Leaving the images aside, transcribe all the data below exactly.

**Data below**
-=-=-

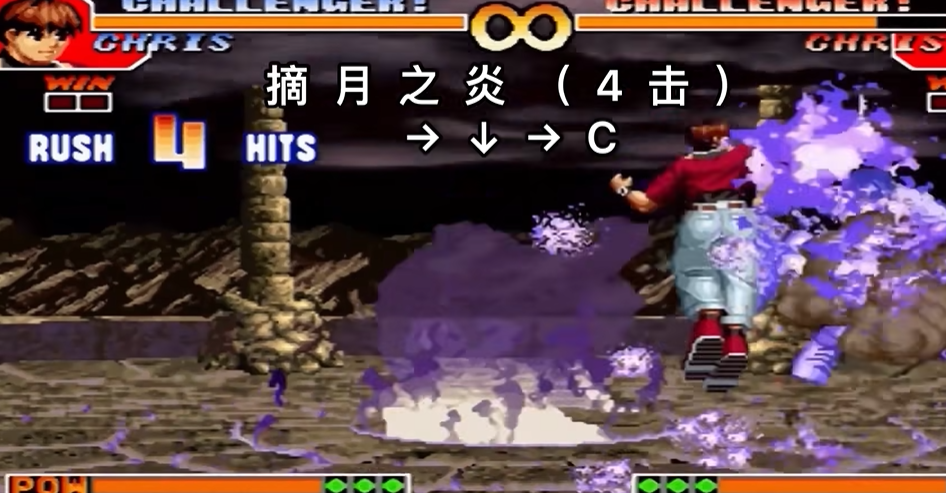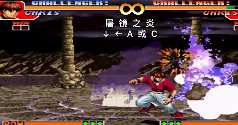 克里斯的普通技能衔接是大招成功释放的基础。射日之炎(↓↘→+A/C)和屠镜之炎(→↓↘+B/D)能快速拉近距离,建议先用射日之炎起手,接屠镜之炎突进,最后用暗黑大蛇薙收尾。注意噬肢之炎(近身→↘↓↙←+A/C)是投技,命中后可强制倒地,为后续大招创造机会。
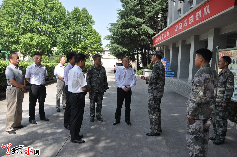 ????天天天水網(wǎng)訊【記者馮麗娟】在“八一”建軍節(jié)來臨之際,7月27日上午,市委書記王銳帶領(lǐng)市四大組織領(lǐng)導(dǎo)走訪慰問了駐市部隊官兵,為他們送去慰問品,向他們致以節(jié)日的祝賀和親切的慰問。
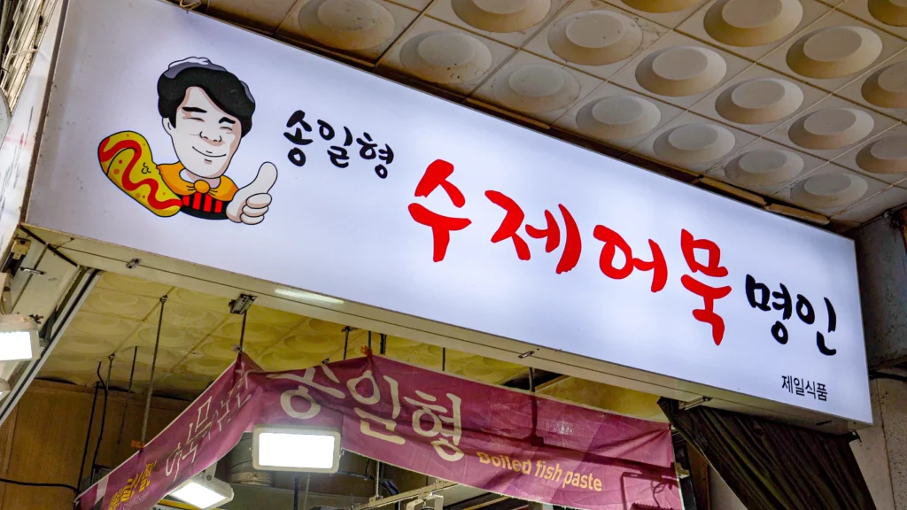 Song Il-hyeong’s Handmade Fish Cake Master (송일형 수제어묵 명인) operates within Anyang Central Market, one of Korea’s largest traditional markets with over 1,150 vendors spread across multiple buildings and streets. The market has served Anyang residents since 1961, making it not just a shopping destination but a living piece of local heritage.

-=-=-

**Solution**
 克里斯的普通技能衔接是大招成功释放的基础。射日之炎(↓↘→+A/C)和屠镜之炎(→↓↘+B/D)能快速拉近距离,建议先用射日之炎起手,接屠镜之炎突进,最后用暗黑大蛇薙收尾。注意噬肢之炎(近身→↘↓↙←+A/C)是投技,命中后可强制倒地,为后续大招创造机会。
 ????天天天水網(wǎng)訊【記者馮麗娟】在“八一”建軍節(jié)來臨之際,7月27日上午,市委書記王銳帶領(lǐng)市四大組織領(lǐng)導(dǎo)走訪慰問了駐市部隊官兵,為他們送去慰問品,向他們致以節(jié)日的祝賀和親切的慰問。
 Song Il-hyeong’s Handmade Fish Cake Master (송일형 수제어묵 명인) operates within Anyang Central Market, one of Korea’s largest traditional markets with over 1,150 vendors spread across multiple buildings and streets. The market has served Anyang residents since 1961, making it not just a shopping destination but a living piece of local heritage.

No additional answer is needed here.